A core problem with Burt's critique of PGSs is that she misconstrues the state of thinking in the field, and then proceeds to argue against her own misconstruction. For example, what Burt calls “downward causation” refers to the context dependence of genetic associations, which, she argues, makes genetic associations for social behaviors “unavoidably confounded.” Yet no behavioral geneticist (I hope) believes that genetic effects exist in a vacuum, independent from any potential environmental context. Alleles that influence smoking may often have different effects depending on public policy and availability of tobacco, and alleles that influence skin pigmentation probably have different influences on vitamin D sufficiency in societies that differ in average sun exposure, because of clothing or climate. This does not make these genetic effects “artificial” – it simply means they are mediated by environmental factors – nor does it make them “unavoidably confounded” – mediation and confounding are conceptually distinct. Such mediation makes PGSs more, not less, interesting, and would reduce enthusiasm for studying PGSs only if one expects that “true” genetic effects should be invariant across context. (Whether genetic effects differ across extant environmental differences is, of course, an empirical question.)
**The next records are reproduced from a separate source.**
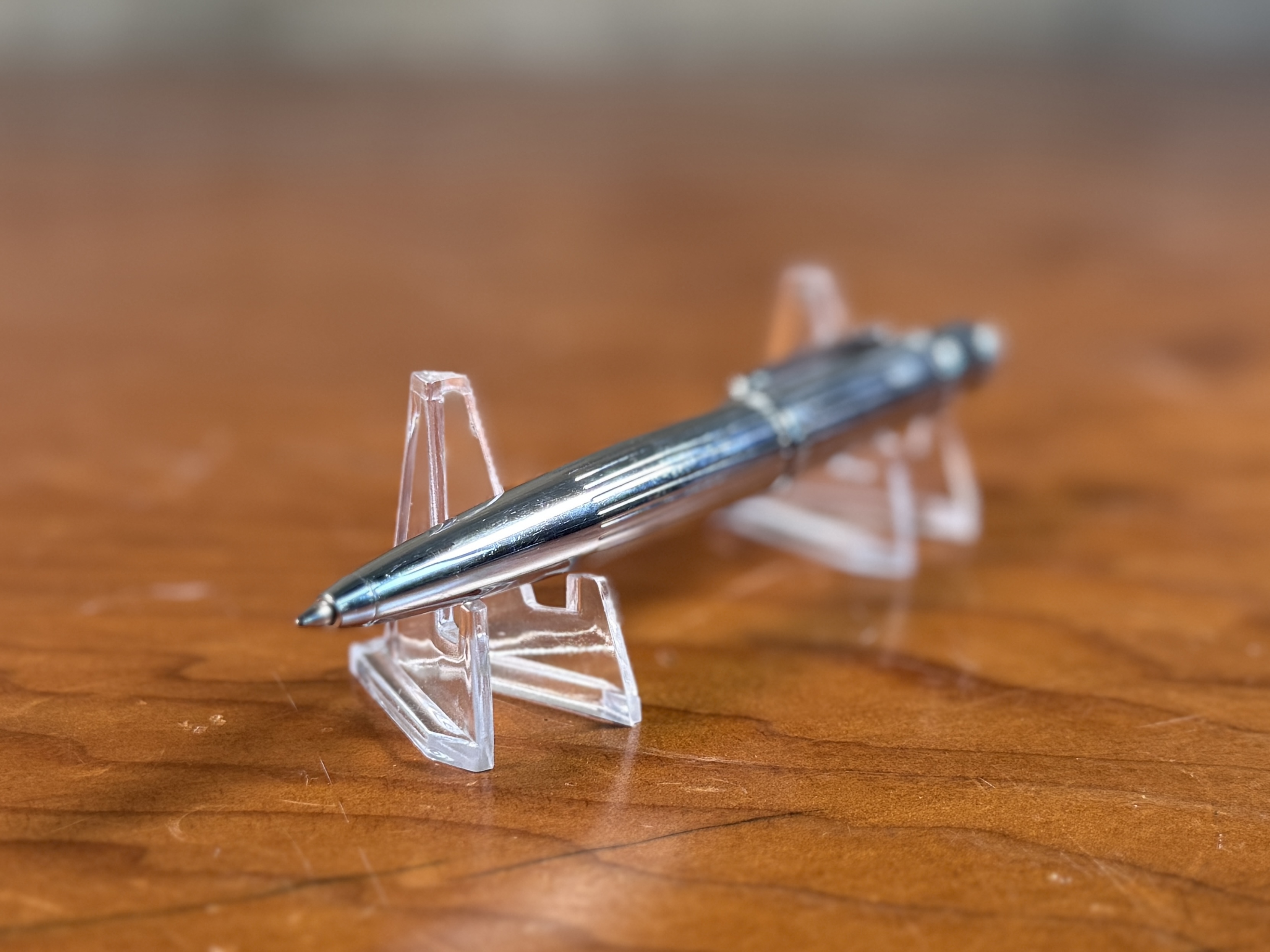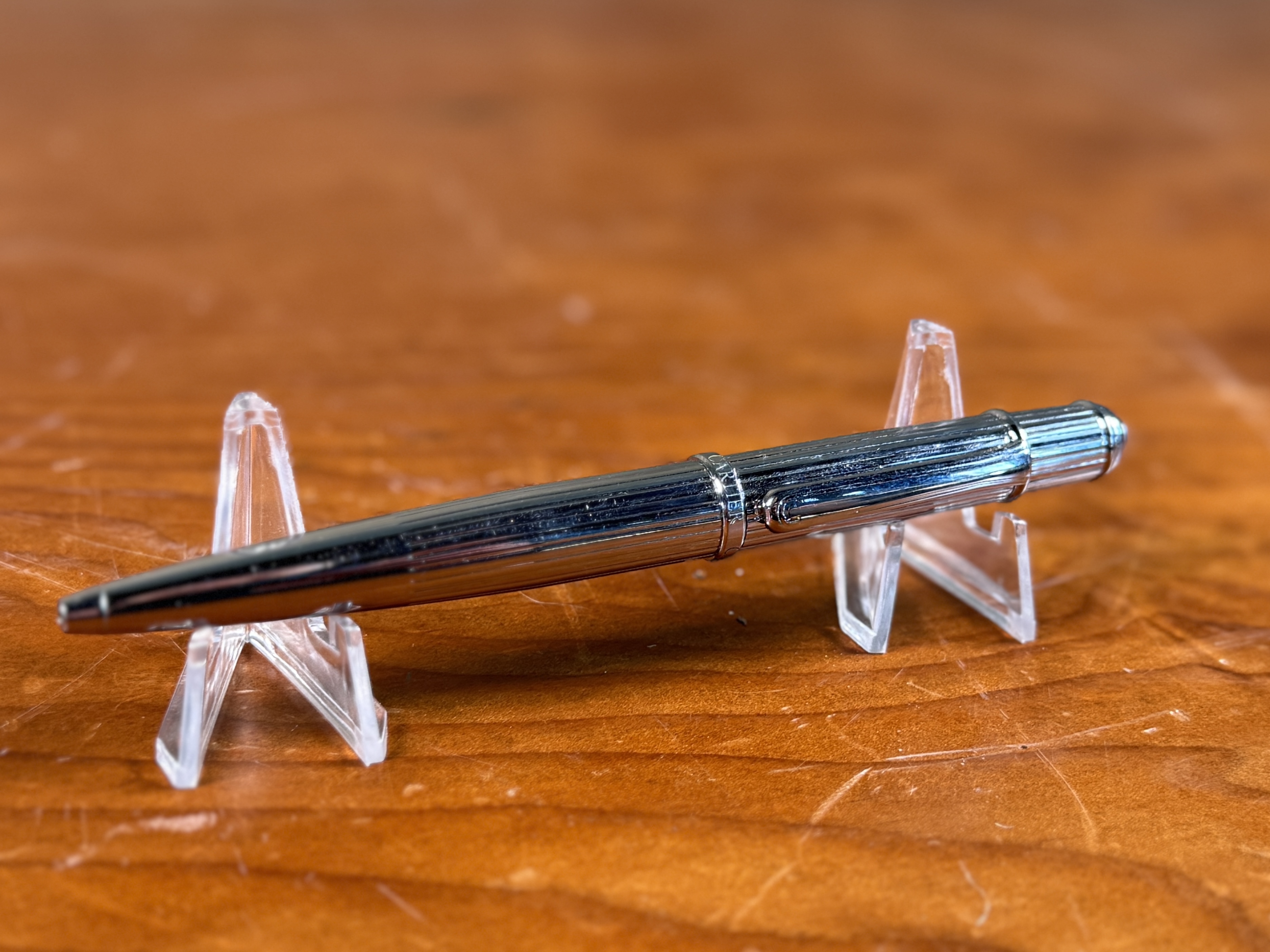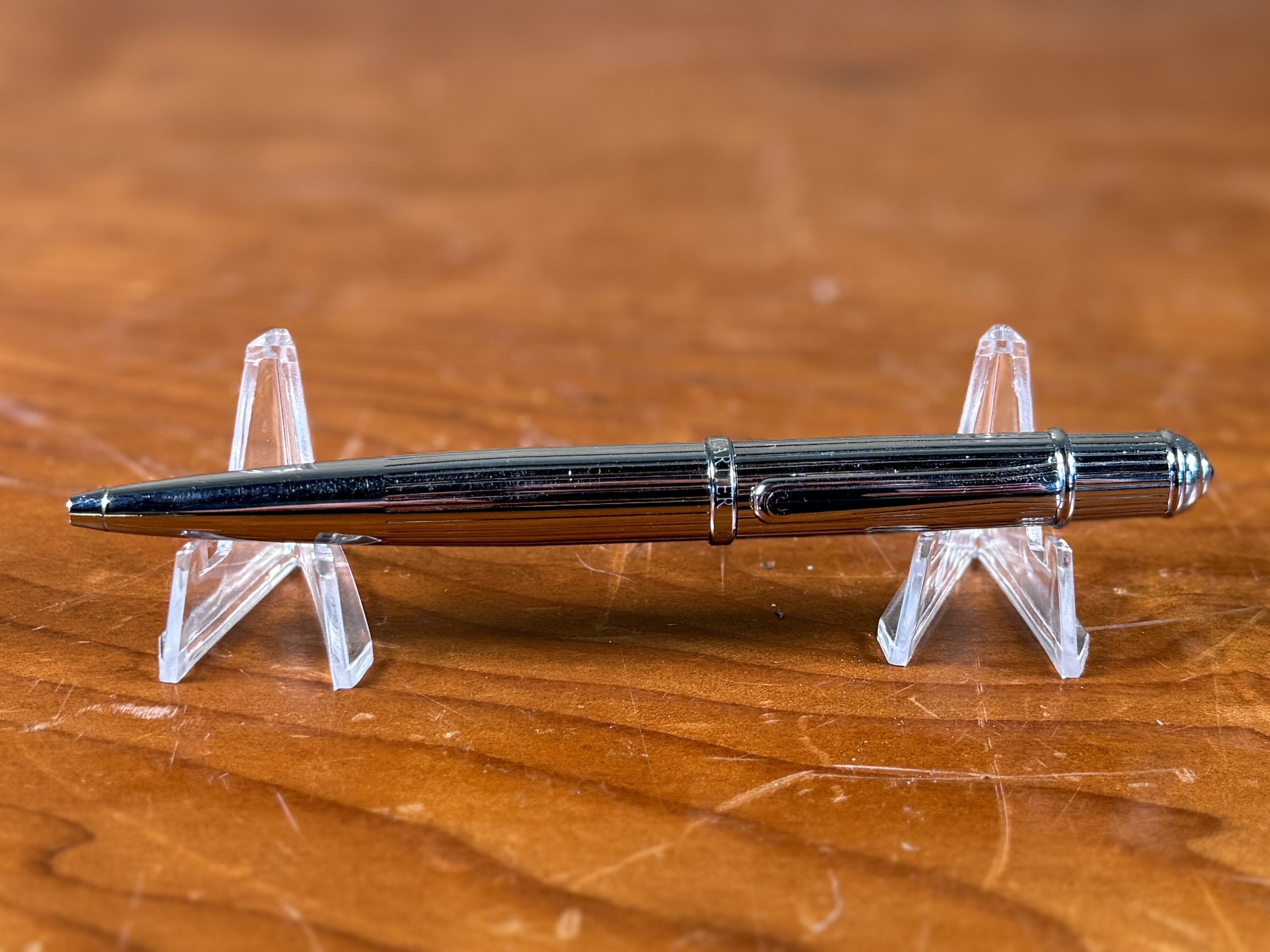 A Cartier Diabolo Platinum Plated Ballpoint Pen. This modern-style writing instrument is crafted from a silver-toned metal, featuring a distinctive fluted or reeded body design. A polished blue cabochon is set into the finial of the cap. The brand name ‘CARTIER’ is clearly engraved on a band encircling the cap near the clip.
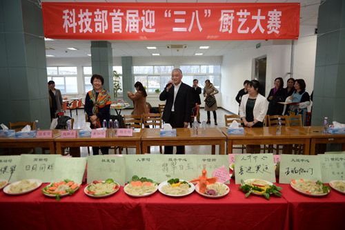 3月7日,科技部直属机关工会隆重举办首届迎“三八”厨艺大赛。部党组书记、副部长王志刚为获奖单位颁发证书并讲话。
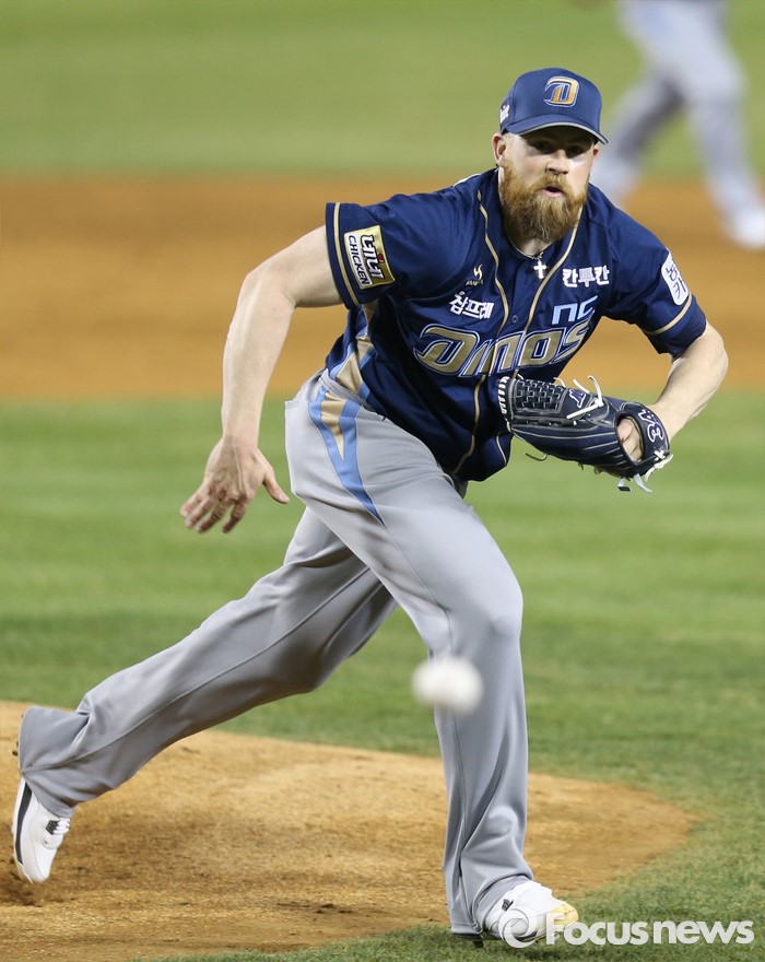 (서울=포커스뉴스) 7일 서울 잠실구장에서 열린 2016 프로야구 NC-두산 경기 4회말 2사 1,3루에서 두산 정수빈의 1루땅볼을 NC 투수 해커가 잡으로 달려가고 있다.

Similarly, Burt points out that simplifying assumptions made in genome-wide association studies (GWASs) (e.g., that single-nucleotide polymorphisms [SNPs] have only additive effects) or in construction of some PGSs (e.g., that all SNPs are causal) are wrong, or that the approach (e.g., only estimating effects at common variants) ignores important information. She uses these observations to imply that these approaches are therefore naïve or produce untrustworthy results. However, models are not meant mirror reality – to be so would not only be impossible but would render them incomprehensible. Models intentionally simplify to be understandable and/or to allow parameter estimation. Contrary to Burt's black-or-white thinking on this, at issue is the degree to which results are biased and whether this bias matters with respect to the question being investigated. It is well understood that PGSs underestimate total trait heritability, mostly because of the finite sizes of GWAS discovery samples (Wray et al., Reference Wray, Yang, Hayes, Price, Goddard and Visscher2013). Depending on the question at hand, the underestimation may often be irrelevant (e.g., a hypothesis test of whether a depression PGS predictive ability is moderated by stressful life events; Colodro-Conde et al., Reference Colodro-Conde, Couvy-Duchesne, Zhu, Coventry, Byrne, Gordon and Martin2018) or be corrected for in the model (e.g., using structural equation modeling on PGSs within families to estimate parental influences; Balbona, Kim, & Keller, Reference Balbona, Kim and Keller2021). The imperfect predictive ability of PGSs has no necessary relationship to their utility.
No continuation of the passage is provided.